2019年4月にはその裏付けとしてなのか、Twitter(現在のX)にAさんのラインのトーク画面とみられる画像を投稿。
この画像内で、Aさんが寺沢武一さんに睡眠薬を飲ませた旨を発言していることがわかります。
画像の内容は大きな話題となり、事態を重く受け止めた寺沢プロダクションが投稿を削除。以降、アカウントの管理は寺沢プロダクションが行っていくと発表しました。
また、プロダクションもAさんについては過去に問題行動があったとコメントしています。
女性については「昨年の数ヶ月間、寺沢の手伝いとしてマンション別室の書斎に住み込んでいたA子という女性がおりました。
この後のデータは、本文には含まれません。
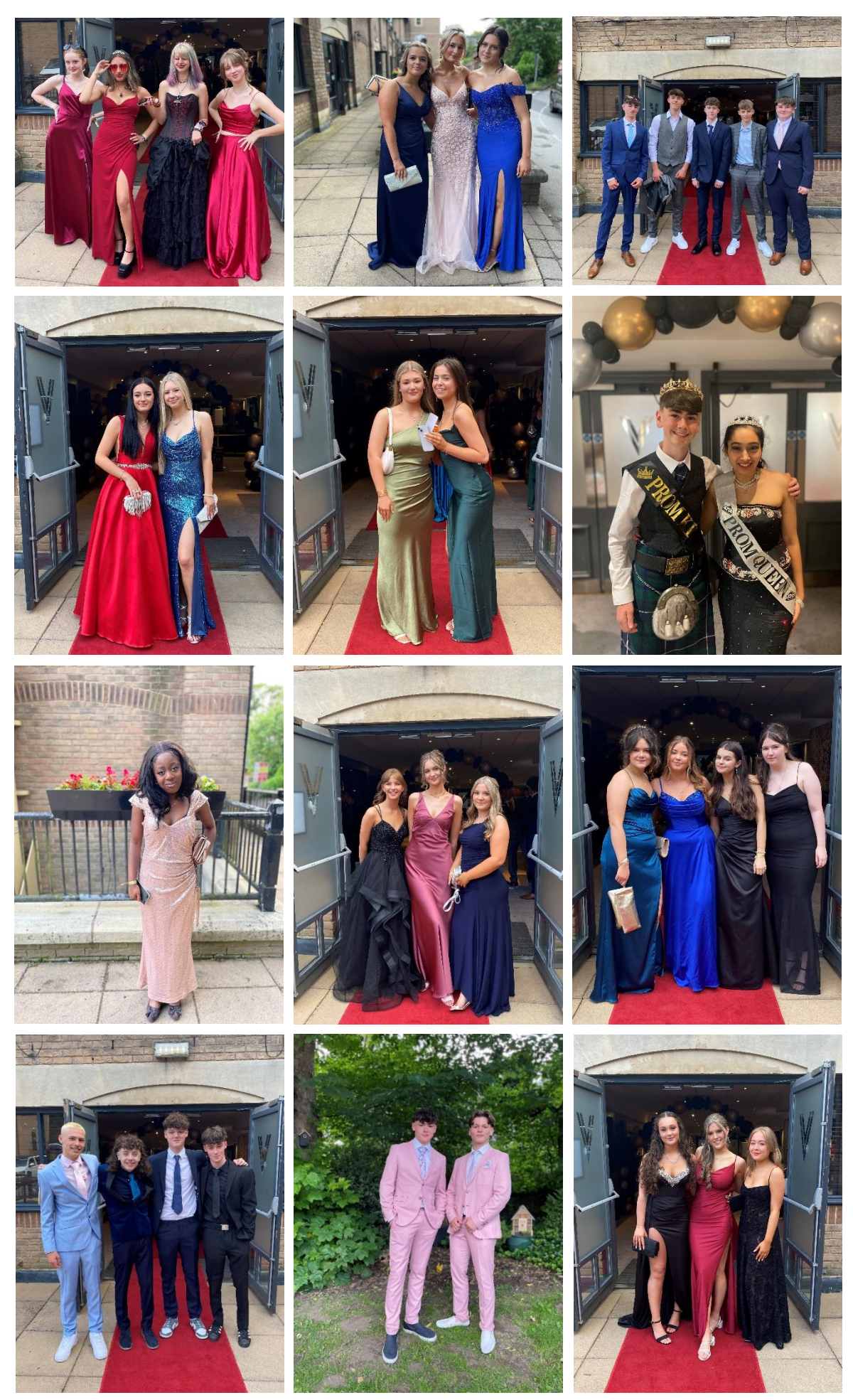
'Opportunity and achievement for all'

しかし、寺沢の盗撮画像(本人曰く7000枚)を撮影・知人に送信、ライン・Twitterの乗っ取り、睡眠薬投与などの危険行為を行ったことを理由に退去させました」と過去に問題行為があったと主張。
セクハラの告発についても、アシスタント解雇・退去を受けたAさんの逆恨みと主張。また、寺沢武一さんは取材時に以下のような主張もしていたといいます。
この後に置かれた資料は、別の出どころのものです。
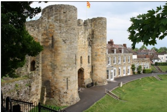
Tonbridge Castle – 21 July walk

「話はしたくないが○○のときに寝室に入ってきて『(性的な)お手伝いします』と言ってきたことが何回もありました」
「そもそも呼び鈴も押さず声かけも無く自宅に無断で入ってくるのは不法侵入だし、僕の恥ずかしい姿を盗撮してばら撒くのだから被害者は僕の方です」
両者の主張が食い違い、司法にも問われていないため、どちらが正しいかはわかりません。
しかし、漫画家とアシスタントという立場を超えたいびつな関係であったことには違いないでしょう。
寺沢武一の現在③ 2023年に死去・死因は心筋梗塞で享年68歳だった
寺沢武一さんは、2023年9月8日に死去。死因は心筋梗塞で享年68歳でした。
寺沢武一さんの訃報は、同月11日に寺沢プロダクションによって発表され、数多くのファンがその死を悼みました。
宇宙海賊が活躍するSF漫画「コブラ」などで知られる漫画家の寺沢武一(てらさわ・ぶいち、本名武一=たけいち)さんが8日、心筋梗塞のため死去した。68歳。北海道出身。葬儀は家族のみで行う。
まとめ
寺沢武一さんは漫画家で、代表作には「コブラ」などが挙げられます。
高い画力で知られていましたが、悪政脳腫瘍の後遺症により車椅子生活を余儀なくされることに。
その後も精力的に活動していましたが、女性アシスタントに対するセクハラ騒動が話題となりました。
残念ながら2023年に心筋梗塞で亡くなってしまいましたが、その作品は現在も、そしてこれからも愛されていくことでしょう。ご冥福をお祈ります。